__What needs to be done__:
Copying rule for the data below: pictures stay out, and only the lines from the one with "925 Sterling Silver" down to the one with "メンズレディース問わず被れる", inclusive, are repeated exactly.

__Available data__:
+++++

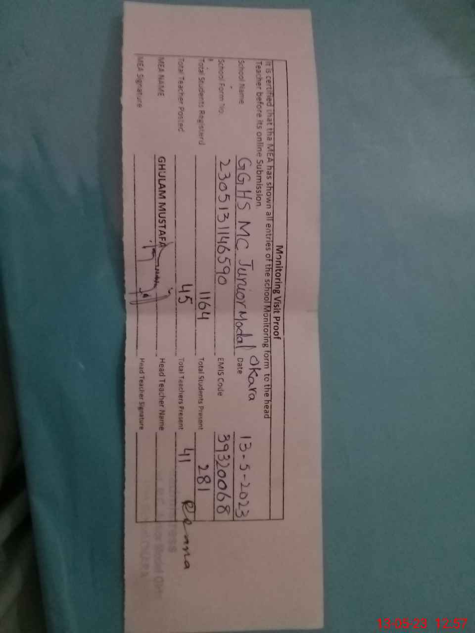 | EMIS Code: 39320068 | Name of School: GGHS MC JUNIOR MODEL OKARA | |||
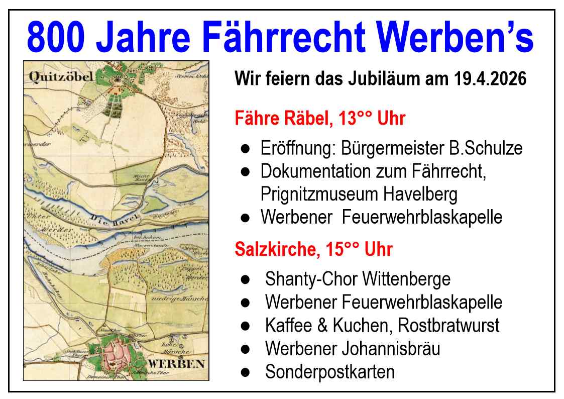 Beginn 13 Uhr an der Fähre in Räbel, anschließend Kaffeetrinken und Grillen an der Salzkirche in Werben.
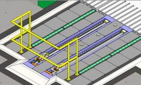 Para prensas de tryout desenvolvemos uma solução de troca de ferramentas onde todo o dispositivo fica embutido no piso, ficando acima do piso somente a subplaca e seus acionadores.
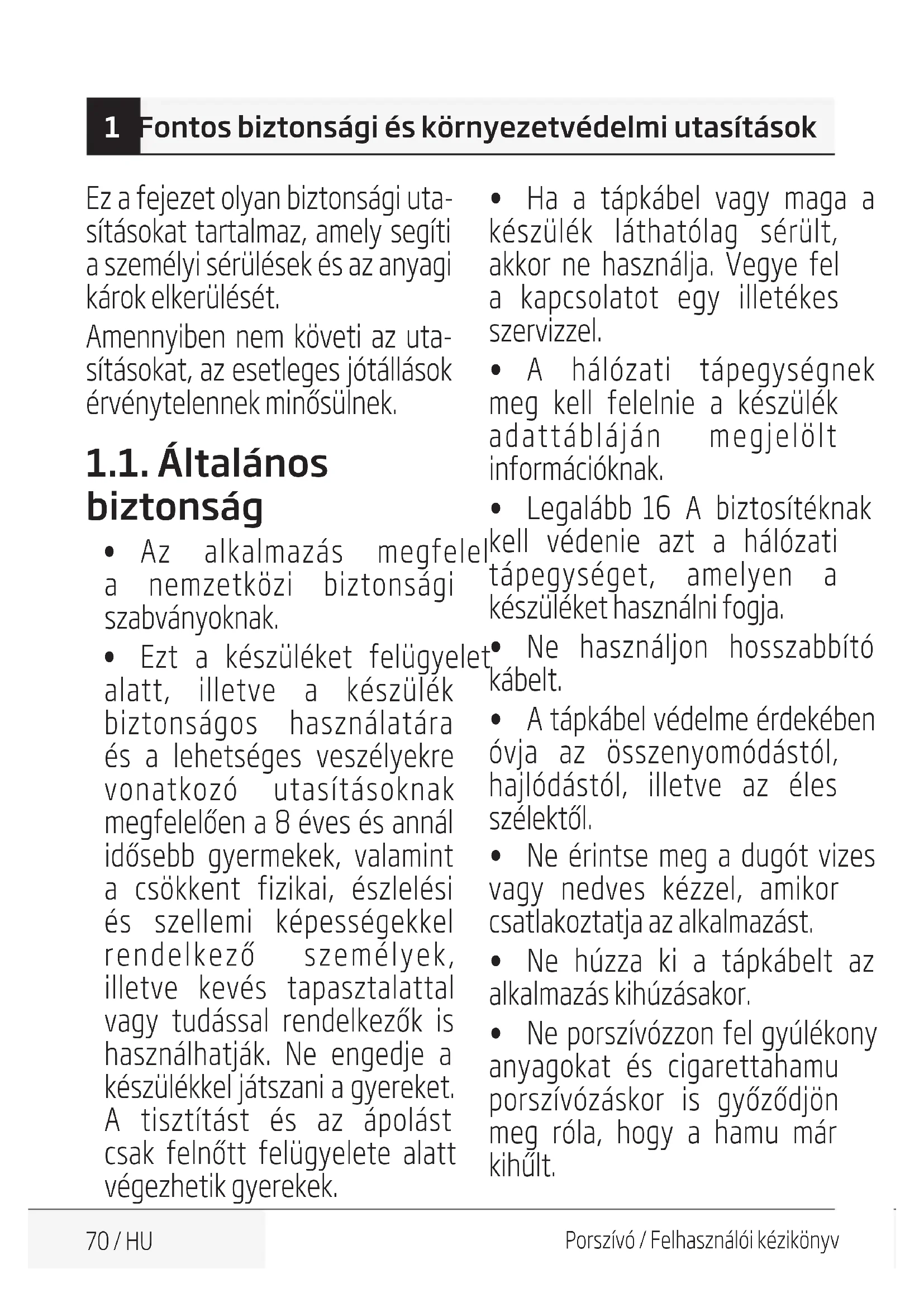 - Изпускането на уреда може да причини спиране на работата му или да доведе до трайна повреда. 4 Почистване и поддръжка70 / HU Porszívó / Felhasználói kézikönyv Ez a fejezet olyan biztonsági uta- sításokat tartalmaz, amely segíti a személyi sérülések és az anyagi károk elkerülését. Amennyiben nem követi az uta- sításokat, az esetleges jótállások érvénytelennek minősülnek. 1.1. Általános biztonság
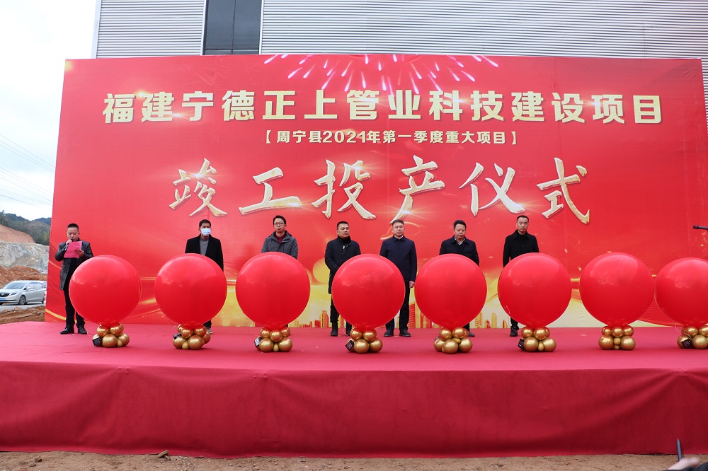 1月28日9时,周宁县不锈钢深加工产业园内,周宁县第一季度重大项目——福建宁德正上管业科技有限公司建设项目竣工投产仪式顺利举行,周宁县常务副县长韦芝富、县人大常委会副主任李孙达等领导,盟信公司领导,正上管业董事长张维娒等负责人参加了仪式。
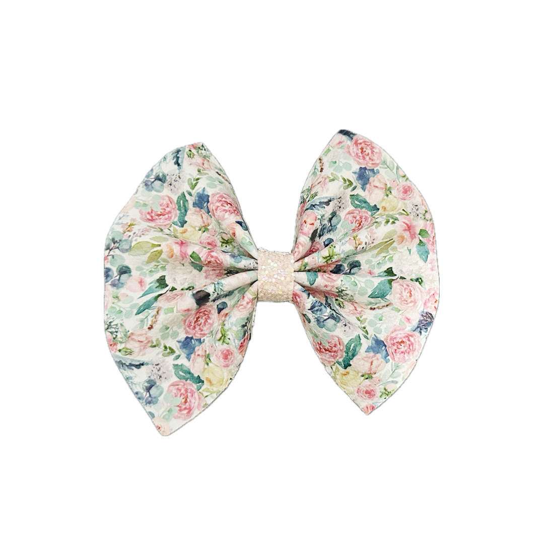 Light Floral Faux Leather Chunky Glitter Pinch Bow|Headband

+++++

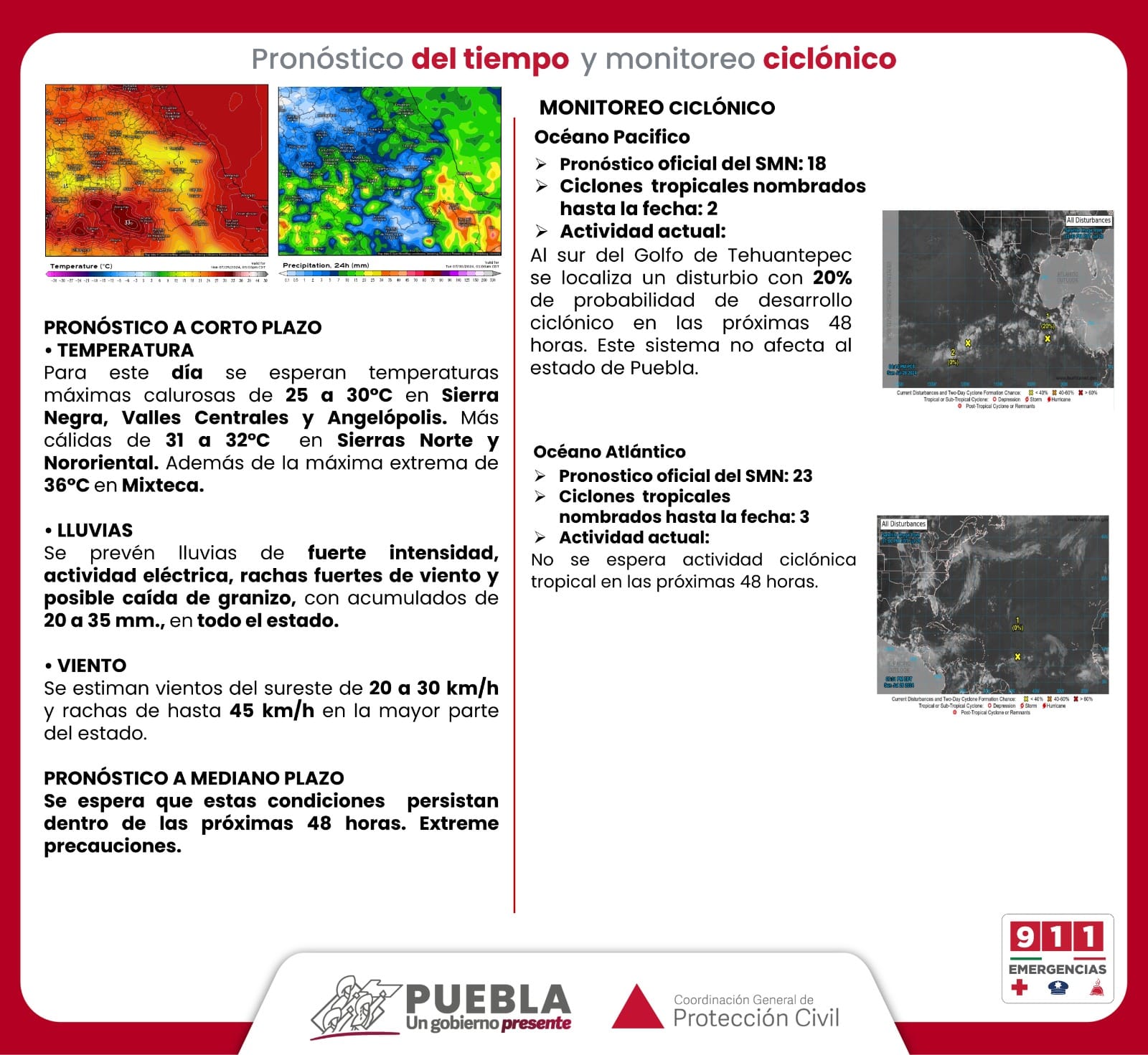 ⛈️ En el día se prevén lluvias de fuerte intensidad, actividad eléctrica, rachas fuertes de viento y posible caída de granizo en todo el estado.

+++++

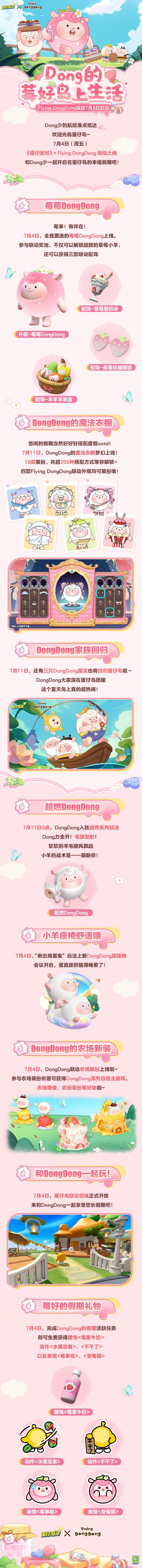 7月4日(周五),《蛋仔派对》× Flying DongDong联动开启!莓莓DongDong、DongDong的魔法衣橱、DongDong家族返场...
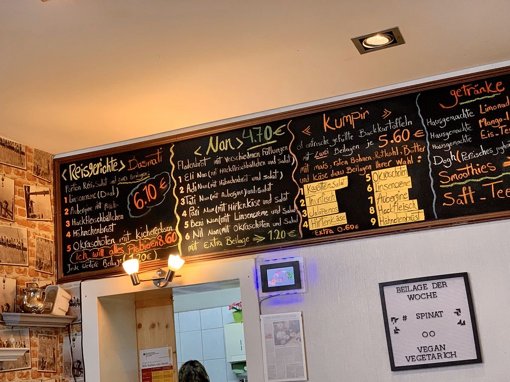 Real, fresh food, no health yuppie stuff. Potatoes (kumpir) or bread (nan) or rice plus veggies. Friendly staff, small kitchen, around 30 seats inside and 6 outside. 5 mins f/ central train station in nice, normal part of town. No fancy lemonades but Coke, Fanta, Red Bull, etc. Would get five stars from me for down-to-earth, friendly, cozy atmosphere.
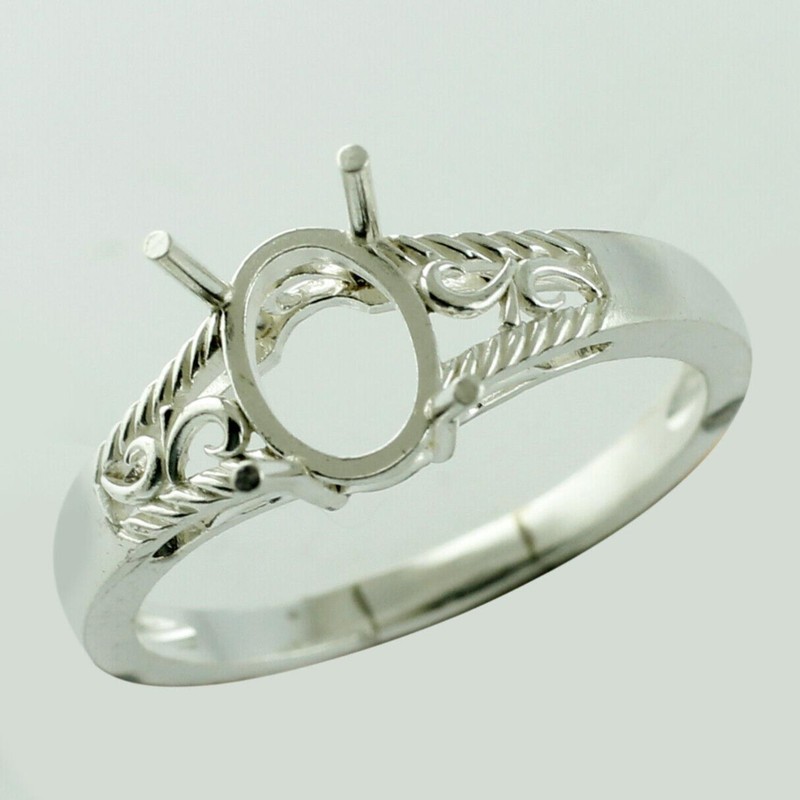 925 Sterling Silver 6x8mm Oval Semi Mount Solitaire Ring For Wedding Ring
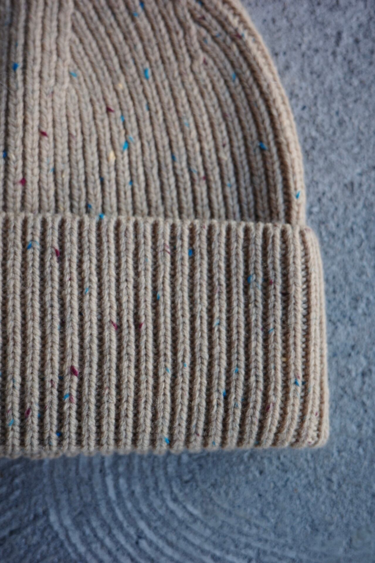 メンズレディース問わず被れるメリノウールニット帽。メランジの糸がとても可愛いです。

+++++

__Expected answer__:
 925 Sterling Silver 6x8mm Oval Semi Mount Solitaire Ring For Wedding Ring
 メンズレディース問わず被れるメリノウールニット帽。メランジの糸がとても可愛いです。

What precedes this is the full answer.